Я смотрю на Лору, пытаясь понять, что она хочет этим сказать. Похоже, она намекает, что Тони или довел свою прежнюю супругу до самоубийства, или сам ее убил. Лора же не отрывает взгляда от «Похищения Елены» — похоже, она действительно задумалась о том, насколько ее жизнь похожа на эту нелепую сцену. Вот она, великая сила искусства!
— Наверное, ни одна женщина не способна устоять перед мужчиной, если он полон решимости ее заполучить, — говорит она.

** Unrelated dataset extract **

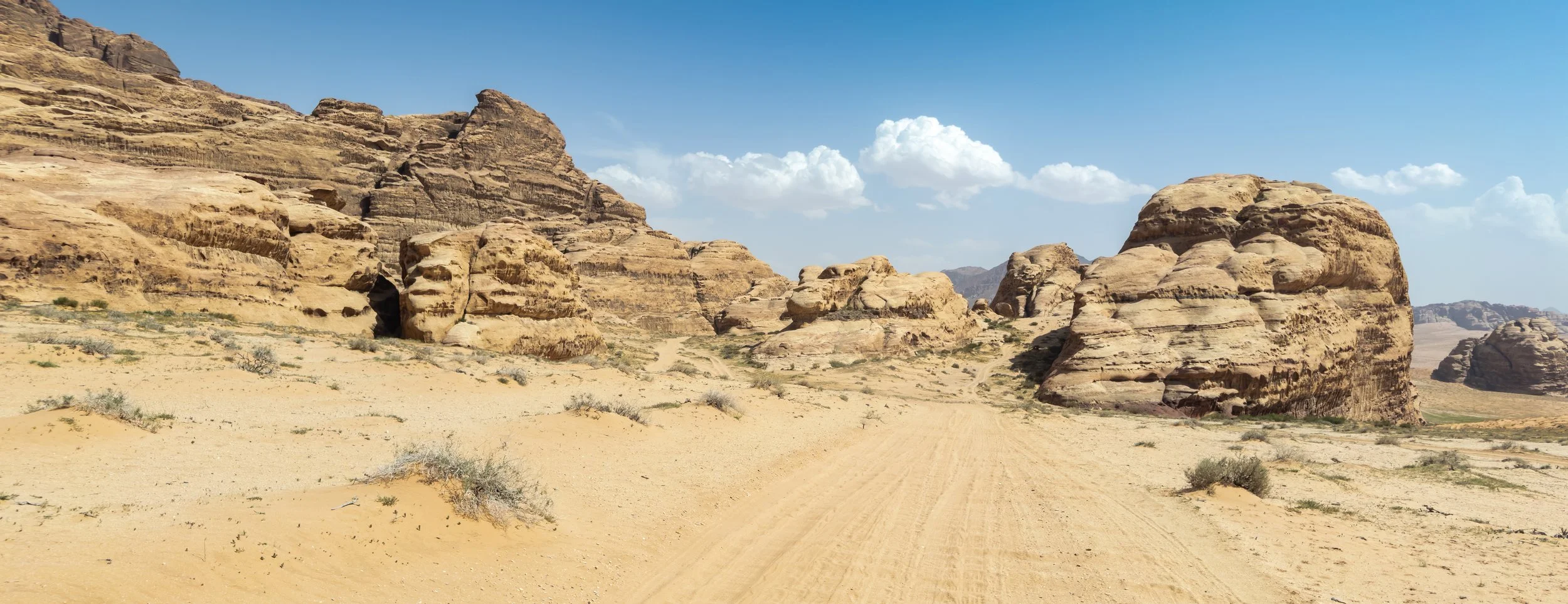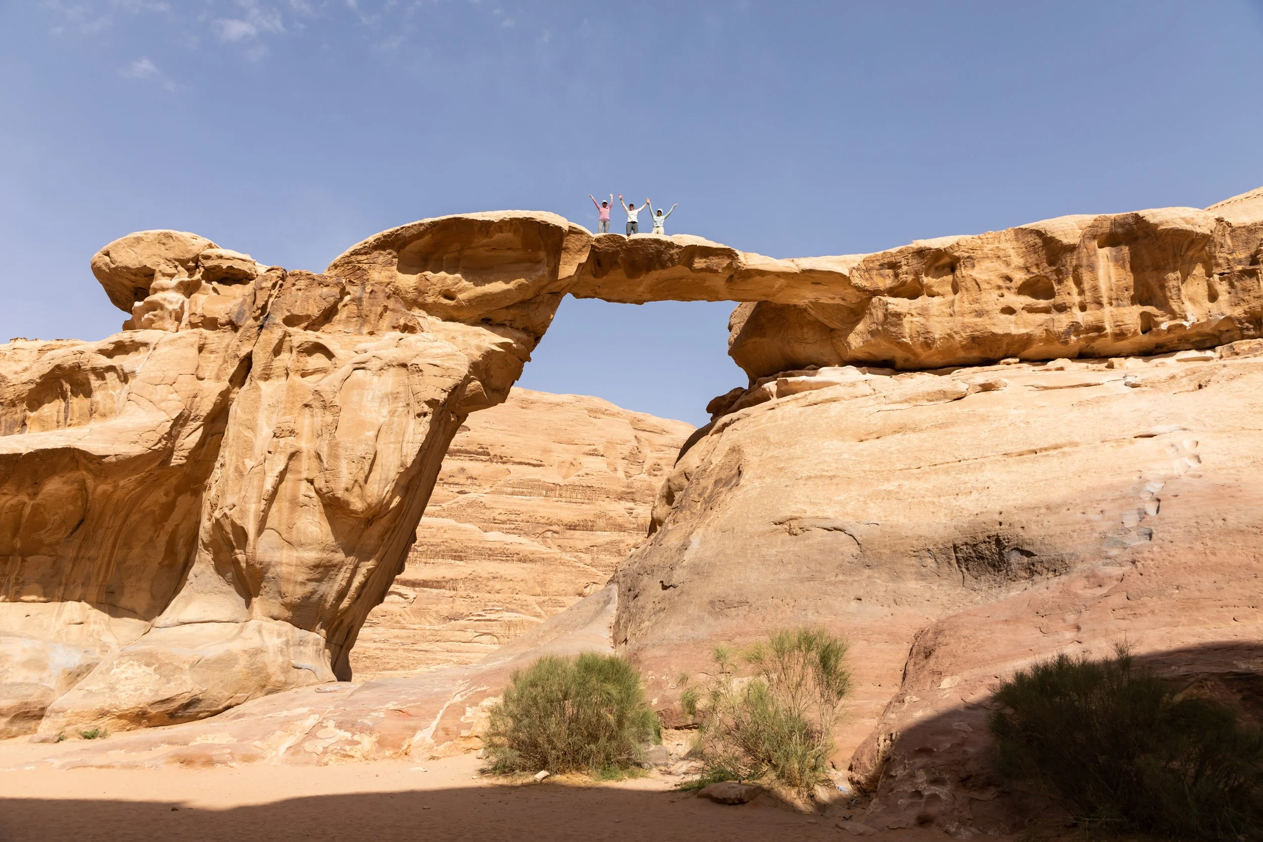 The next morning, we hopped into a van for a scenic drive to another iconic Jordanian landscape, the red sand desert of Wadi Rum, which has been featured in many movies to portray other worlds and the planet Mars. The protected area of Wadi Rum is as big as New York City and includes so much more than just sweeping sand dunes. Giant rock formations, narrow canyons and gorges meander through this spectacular region.

Я молчу. Надо бы что-нибудь ответить, но этот ее внезапный приступ откровенности слишком меня смутил. Лора, насколько я понимаю, не замечает моего замешательства. Она полностью погружена в свои мысли и после некоторой паузы продолжает монолог:
— Вы не представляете, какой кошмар меня ожидал, когда я наконец попала в Апвуд! Крыша протекает, все загажено мышами. К тому же Тони быстро сообразил, что денег у меня нет. Он видел, как живем мы с Кристофером, — дом в Челси, бунгало на Барбадосе, — и, поняв, что бедняга Кристофер не мог на все это заработать, решил, что деньги были мои, но он ошибся: мы пользовались всем этим по доверенности, потому что все принадлежало родителям. Я привезла Тони в Сомерсет, чтобы познакомить его с папочкой, и этим все испортила. Как только отец узнал, что мы поженились, он просто перестал давать мне деньги.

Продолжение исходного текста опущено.